* [Exercise directions] Quote the records beneath, complete and exact. Leave out images.

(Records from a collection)
========

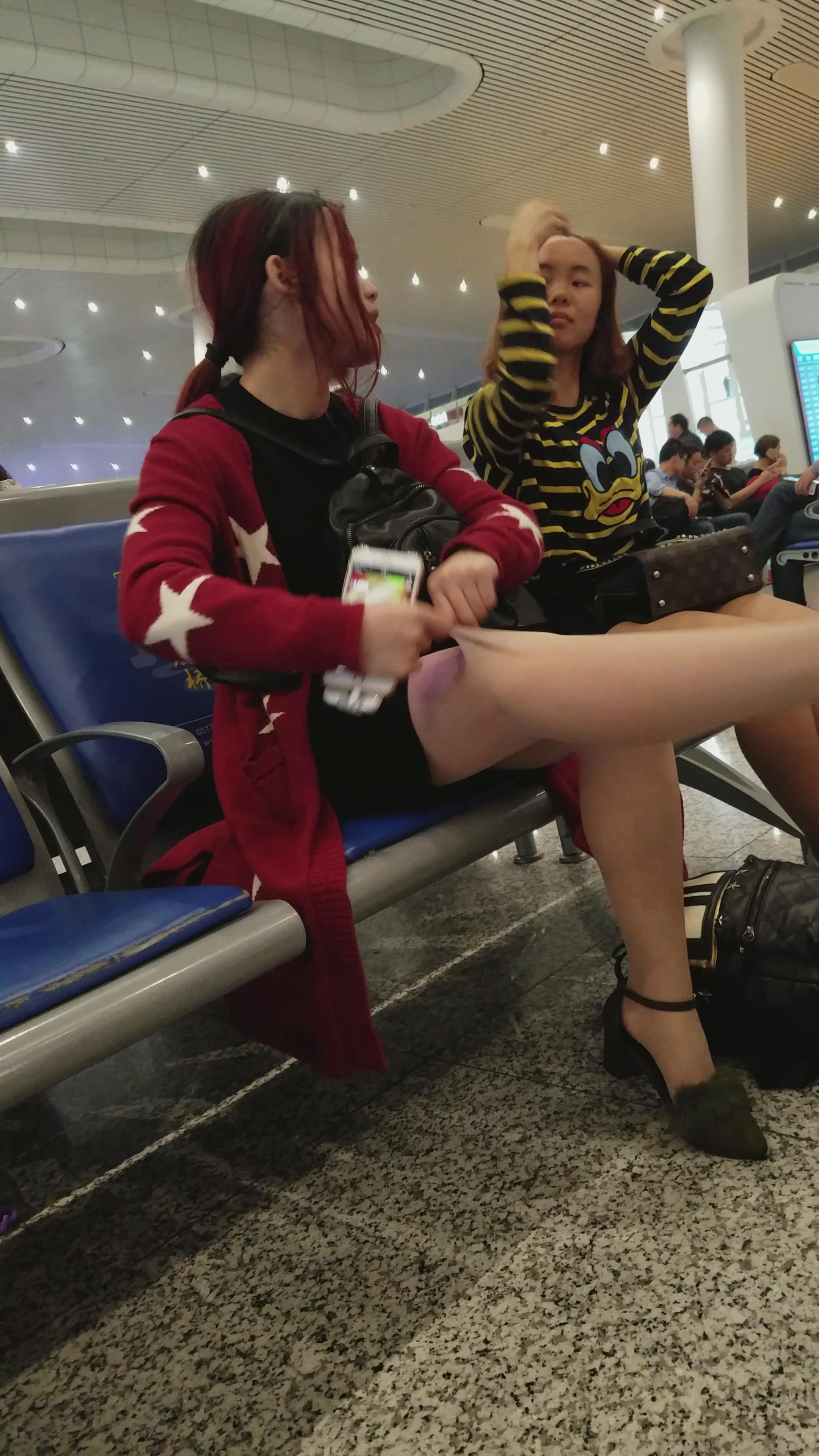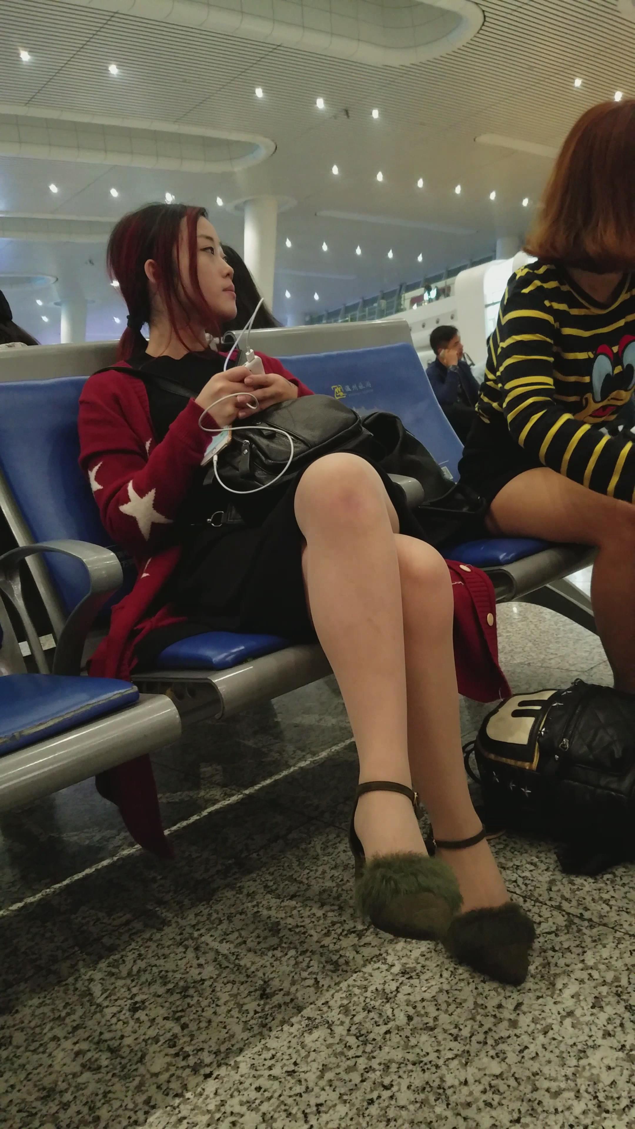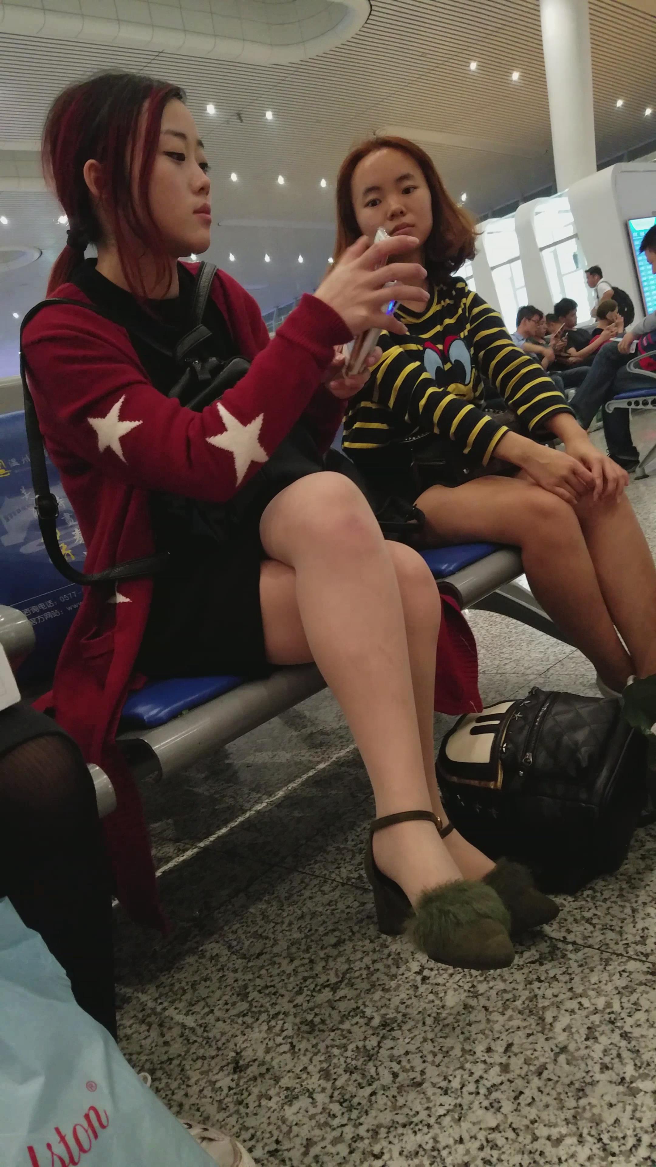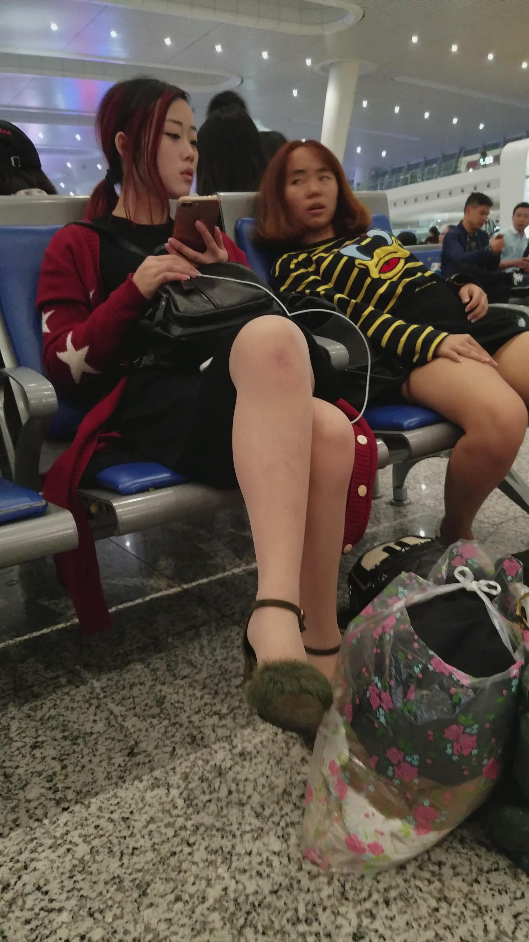 4k-候车室拍摄甜美小清新妹子跟闺蜜一起出行 编号2987
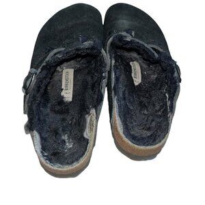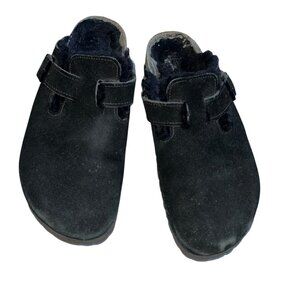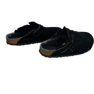 Birkenstock black boston nubuck suede shearling fur shoes 38 8
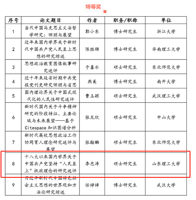 据悉,第九届全国马克思主义理论及相关学科文献综述大赛共收到参赛论文573份,经过校外专家匿名评审、学院核查,共评选出获奖论文131份,其中特等奖9篇、一等奖29篇、二等奖37篇、三等奖56篇。
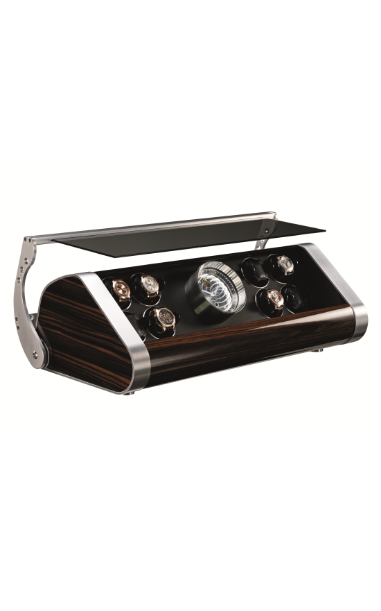Las líneas dinámicas de acento de acero inoxidable en cada lado y su frente biselado crean un escenario espectacular para la colección de relojes del propietario.
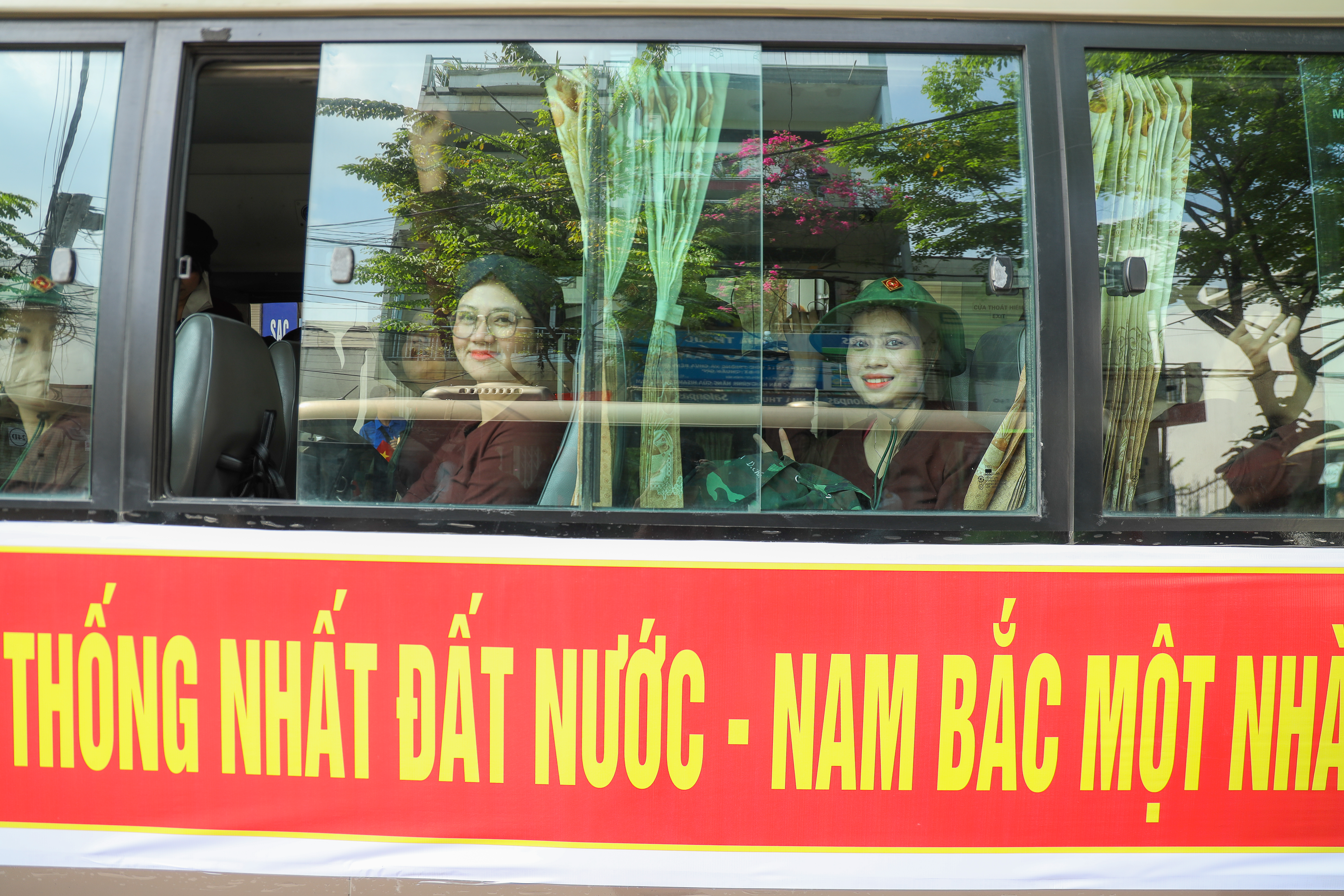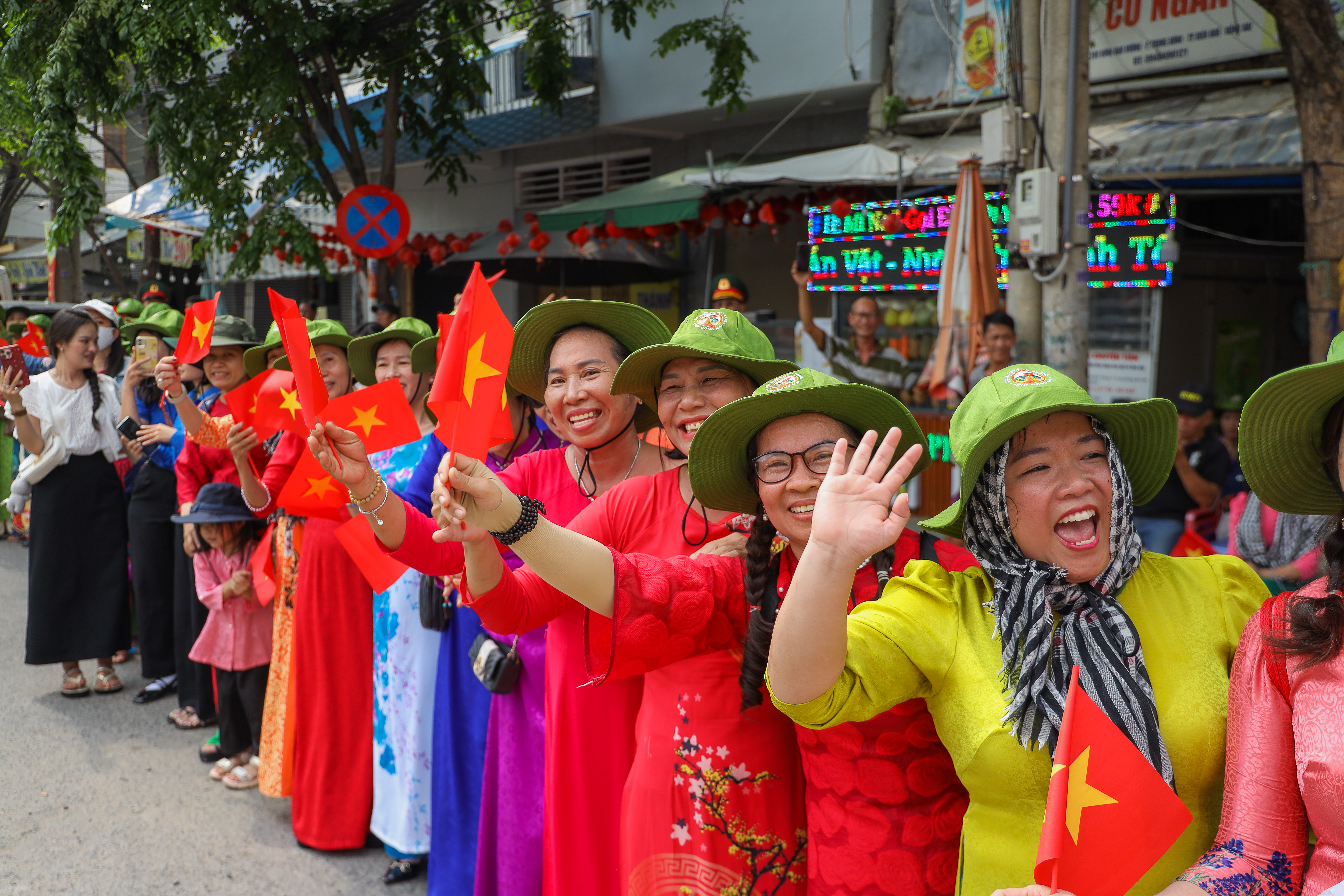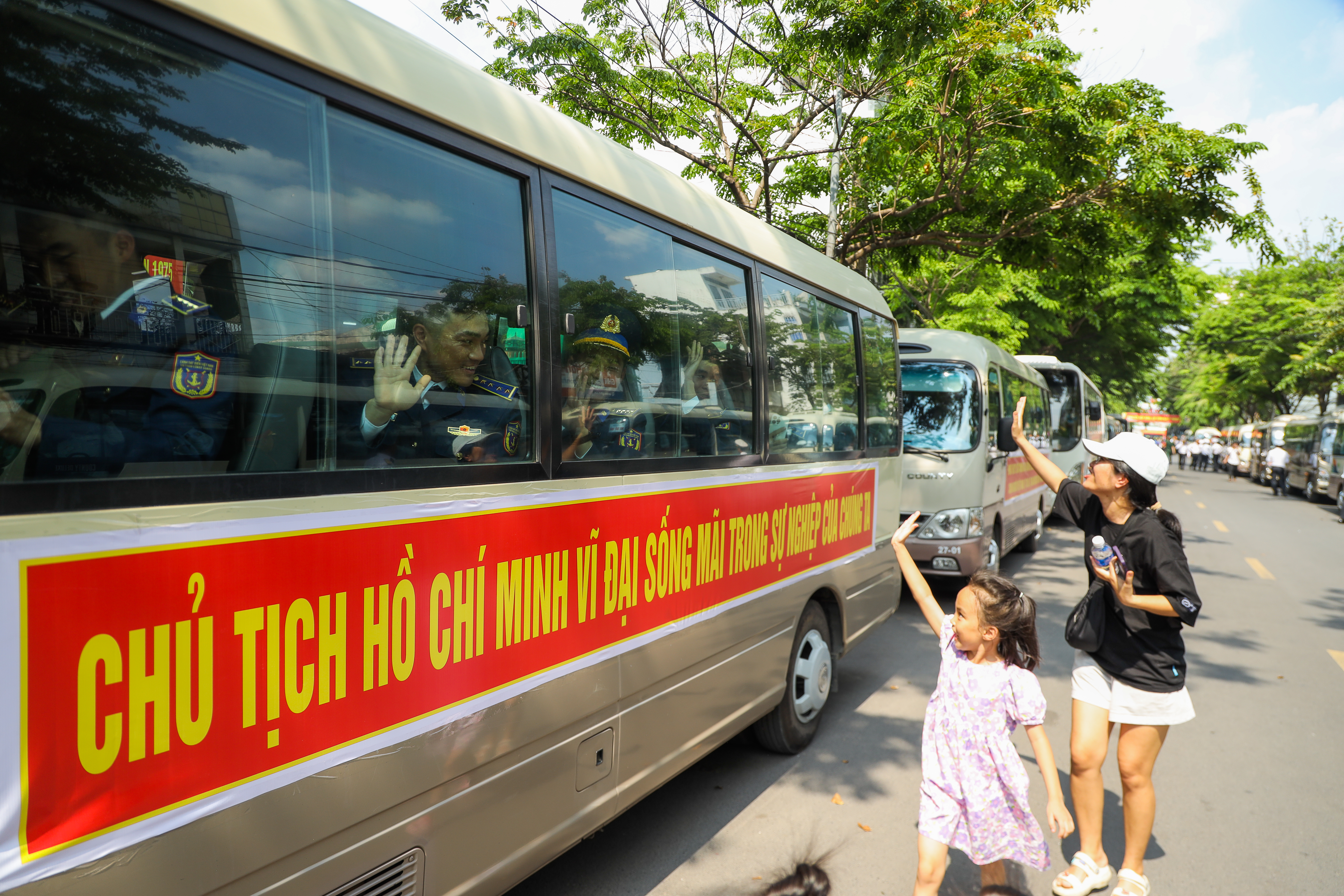 Các em m nhỏ háo hức ra đường vẫy cờ, chào đón các bộ đội.

========

* [Answer to this exercise]
 4k-候车室拍摄甜美小清新妹子跟闺蜜一起出行 编号2987
 Birkenstock black boston nubuck suede shearling fur shoes 38 8
 据悉,第九届全国马克思主义理论及相关学科文献综述大赛共收到参赛论文573份,经过校外专家匿名评审、学院核查,共评选出获奖论文131份,其中特等奖9篇、一等奖29篇、二等奖37篇、三等奖56篇。
Las líneas dinámicas de acento de acero inoxidable en cada lado y su frente biselado crean un escenario espectacular para la colección de relojes del propietario.
 Các em m nhỏ háo hức ra đường vẫy cờ, chào đón các bộ đội.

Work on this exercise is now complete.